Restate all the data word for word and omit the pictures.

## [SUPPLIED MATERIAL]
Start of Block

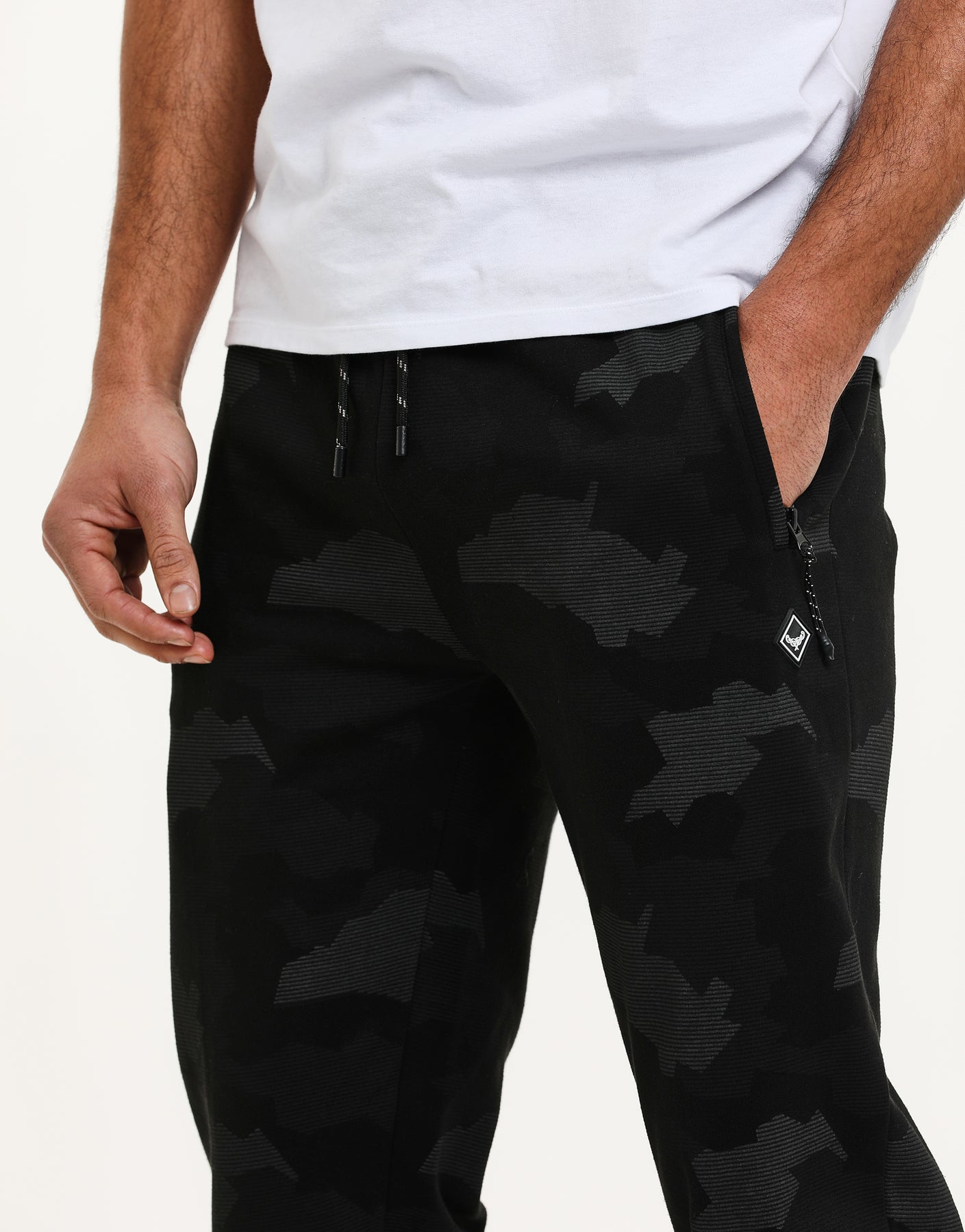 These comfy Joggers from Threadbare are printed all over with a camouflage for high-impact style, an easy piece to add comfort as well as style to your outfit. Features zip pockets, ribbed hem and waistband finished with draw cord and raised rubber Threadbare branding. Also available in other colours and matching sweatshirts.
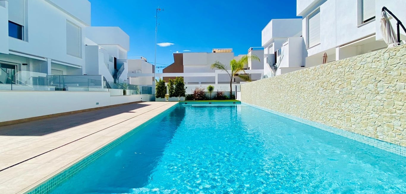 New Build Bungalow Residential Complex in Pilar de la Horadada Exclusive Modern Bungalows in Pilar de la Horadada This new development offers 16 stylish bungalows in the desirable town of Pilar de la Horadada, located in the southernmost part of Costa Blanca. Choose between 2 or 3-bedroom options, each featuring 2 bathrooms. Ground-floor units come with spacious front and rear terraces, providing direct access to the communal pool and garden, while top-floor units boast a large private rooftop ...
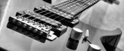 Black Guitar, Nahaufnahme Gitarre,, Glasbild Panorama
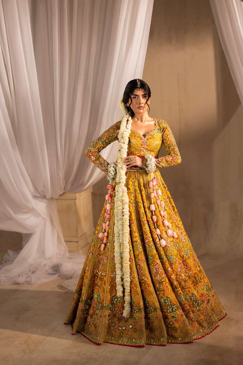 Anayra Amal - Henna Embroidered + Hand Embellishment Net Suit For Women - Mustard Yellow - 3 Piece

End of Block

## [REPLY]
 These comfy Joggers from Threadbare are printed all over with a camouflage for high-impact style, an easy piece to add comfort as well as style to your outfit. Features zip pockets, ribbed hem and waistband finished with draw cord and raised rubber Threadbare branding. Also available in other colours and matching sweatshirts.
 New Build Bungalow Residential Complex in Pilar de la Horadada Exclusive Modern Bungalows in Pilar de la Horadada This new development offers 16 stylish bungalows in the desirable town of Pilar de la Horadada, located in the southernmost part of Costa Blanca. Choose between 2 or 3-bedroom options, each featuring 2 bathrooms. Ground-floor units come with spacious front and rear terraces, providing direct access to the communal pool and garden, while top-floor units boast a large private rooftop ...
 Black Guitar, Nahaufnahme Gitarre,, Glasbild Panorama
 Anayra Amal - Henna Embroidered + Hand Embellishment Net Suit For Women - Mustard Yellow - 3 Piece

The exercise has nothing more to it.